Aim of the task | Where the records below show a line containing "नरेन्द्र मोदी, प्रधानमंत्री", start copying; end with the line containing "Water supply in Hebron", and copy it too.
---------------
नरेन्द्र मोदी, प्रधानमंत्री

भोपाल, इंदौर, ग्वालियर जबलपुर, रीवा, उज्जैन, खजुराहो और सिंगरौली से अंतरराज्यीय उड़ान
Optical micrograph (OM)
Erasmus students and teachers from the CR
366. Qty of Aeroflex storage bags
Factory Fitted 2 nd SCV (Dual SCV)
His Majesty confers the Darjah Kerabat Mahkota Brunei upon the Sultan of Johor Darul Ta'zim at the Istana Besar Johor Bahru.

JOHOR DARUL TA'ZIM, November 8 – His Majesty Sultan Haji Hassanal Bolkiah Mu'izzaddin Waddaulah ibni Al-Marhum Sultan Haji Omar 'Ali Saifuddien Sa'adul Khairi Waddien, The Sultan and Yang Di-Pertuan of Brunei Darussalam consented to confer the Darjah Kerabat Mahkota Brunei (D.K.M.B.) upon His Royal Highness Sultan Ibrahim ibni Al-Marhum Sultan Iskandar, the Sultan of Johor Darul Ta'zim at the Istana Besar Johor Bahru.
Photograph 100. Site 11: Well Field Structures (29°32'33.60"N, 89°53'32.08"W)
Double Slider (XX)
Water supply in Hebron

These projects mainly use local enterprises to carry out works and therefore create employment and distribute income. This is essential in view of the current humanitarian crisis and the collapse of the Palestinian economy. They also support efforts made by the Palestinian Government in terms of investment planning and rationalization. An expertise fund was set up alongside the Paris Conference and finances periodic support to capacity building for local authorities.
---------------
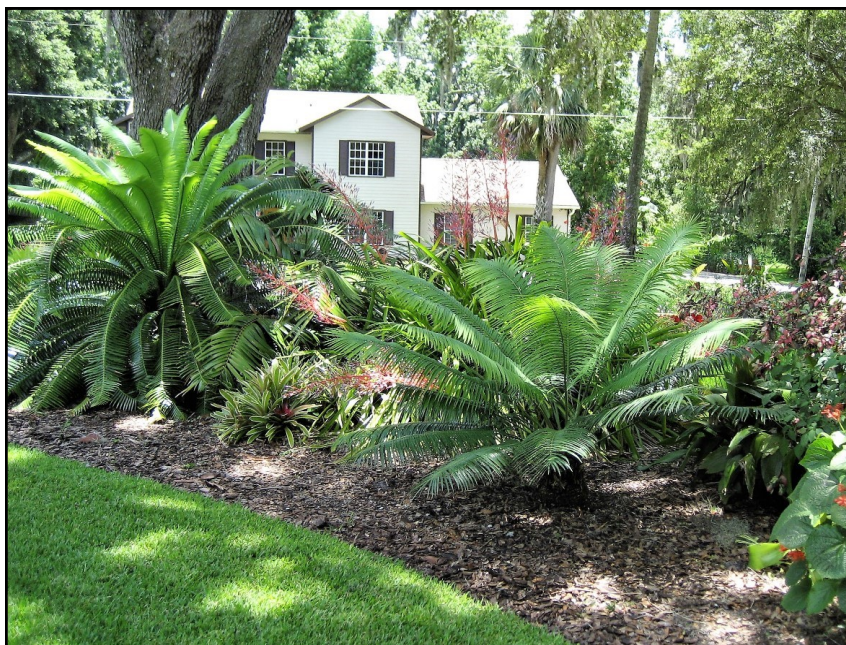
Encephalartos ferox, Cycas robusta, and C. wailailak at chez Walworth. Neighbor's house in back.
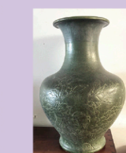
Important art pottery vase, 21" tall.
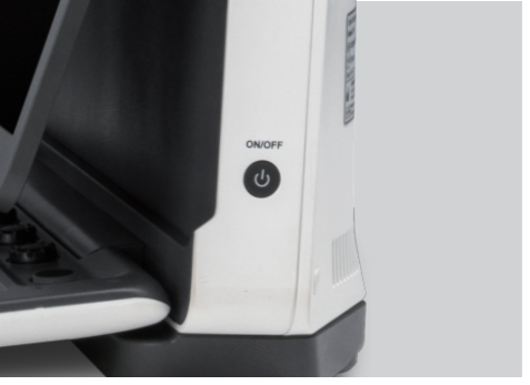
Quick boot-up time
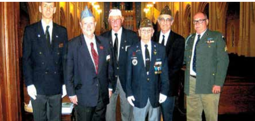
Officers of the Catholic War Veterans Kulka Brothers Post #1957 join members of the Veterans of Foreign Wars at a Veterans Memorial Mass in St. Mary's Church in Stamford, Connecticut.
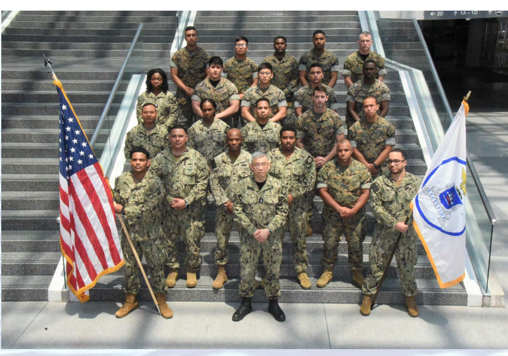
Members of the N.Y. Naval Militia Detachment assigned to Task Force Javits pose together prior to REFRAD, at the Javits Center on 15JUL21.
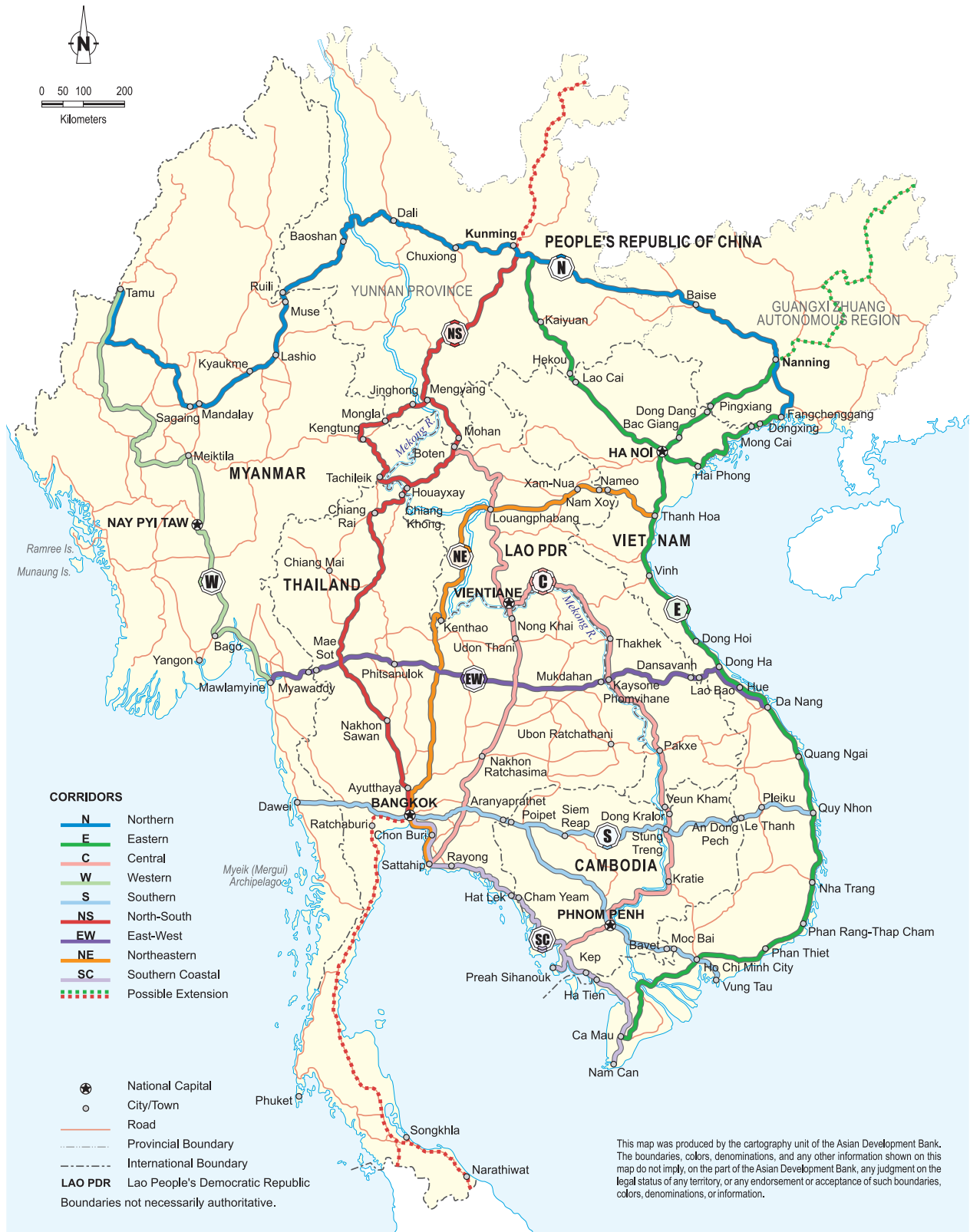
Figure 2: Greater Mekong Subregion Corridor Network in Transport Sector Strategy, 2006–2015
---------------
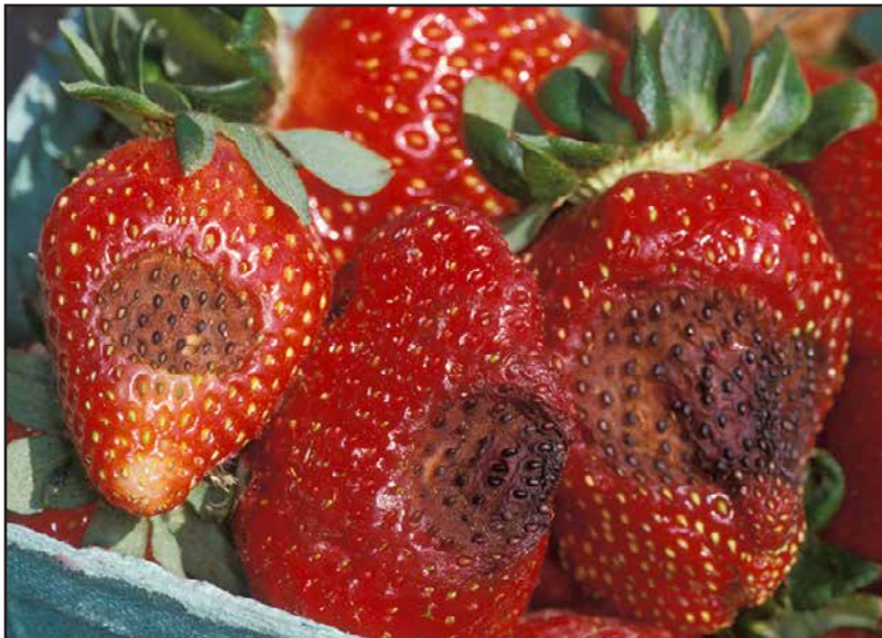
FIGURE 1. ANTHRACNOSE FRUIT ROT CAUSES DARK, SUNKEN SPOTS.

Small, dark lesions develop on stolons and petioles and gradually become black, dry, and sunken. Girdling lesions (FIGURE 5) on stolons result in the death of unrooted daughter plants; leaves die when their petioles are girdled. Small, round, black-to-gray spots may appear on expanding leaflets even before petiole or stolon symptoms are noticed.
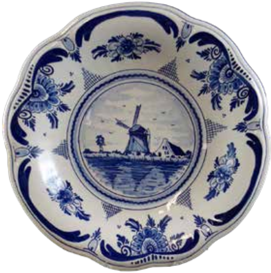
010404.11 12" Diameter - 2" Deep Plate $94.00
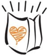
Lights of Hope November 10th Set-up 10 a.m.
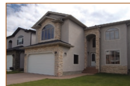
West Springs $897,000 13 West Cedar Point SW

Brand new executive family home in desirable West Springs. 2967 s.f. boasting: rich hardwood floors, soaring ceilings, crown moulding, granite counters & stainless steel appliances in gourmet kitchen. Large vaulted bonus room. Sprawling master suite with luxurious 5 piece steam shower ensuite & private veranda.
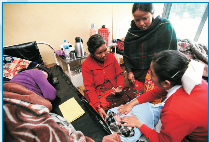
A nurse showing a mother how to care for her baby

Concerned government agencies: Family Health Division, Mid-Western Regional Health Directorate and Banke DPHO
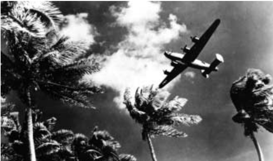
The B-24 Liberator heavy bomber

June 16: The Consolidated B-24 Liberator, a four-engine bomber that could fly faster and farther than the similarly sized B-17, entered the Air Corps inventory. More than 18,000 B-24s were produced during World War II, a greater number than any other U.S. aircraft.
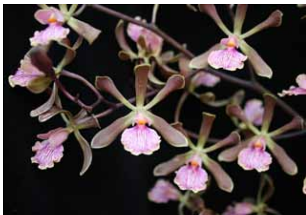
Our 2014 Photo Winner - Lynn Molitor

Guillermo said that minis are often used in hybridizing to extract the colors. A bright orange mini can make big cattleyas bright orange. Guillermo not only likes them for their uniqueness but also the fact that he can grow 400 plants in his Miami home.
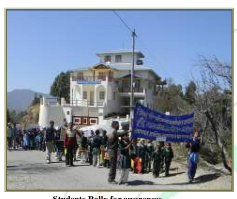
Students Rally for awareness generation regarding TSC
---------------
Result |
नरेन्द्र मोदी, प्रधानमंत्री

भोपाल, इंदौर, ग्वालियर जबलपुर, रीवा, उज्जैन, खजुराहो और सिंगरौली से अंतरराज्यीय उड़ान
Optical micrograph (OM)
Erasmus students and teachers from the CR
366. Qty of Aeroflex storage bags
Factory Fitted 2 nd SCV (Dual SCV)
His Majesty confers the Darjah Kerabat Mahkota Brunei upon the Sultan of Johor Darul Ta'zim at the Istana Besar Johor Bahru.

JOHOR DARUL TA'ZIM, November 8 – His Majesty Sultan Haji Hassanal Bolkiah Mu'izzaddin Waddaulah ibni Al-Marhum Sultan Haji Omar 'Ali Saifuddien Sa'adul Khairi Waddien, The Sultan and Yang Di-Pertuan of Brunei Darussalam consented to confer the Darjah Kerabat Mahkota Brunei (D.K.M.B.) upon His Royal Highness Sultan Ibrahim ibni Al-Marhum Sultan Iskandar, the Sultan of Johor Darul Ta'zim at the Istana Besar Johor Bahru.
Photograph 100. Site 11: Well Field Structures (29°32'33.60"N, 89°53'32.08"W)
Double Slider (XX)
Water supply in Hebron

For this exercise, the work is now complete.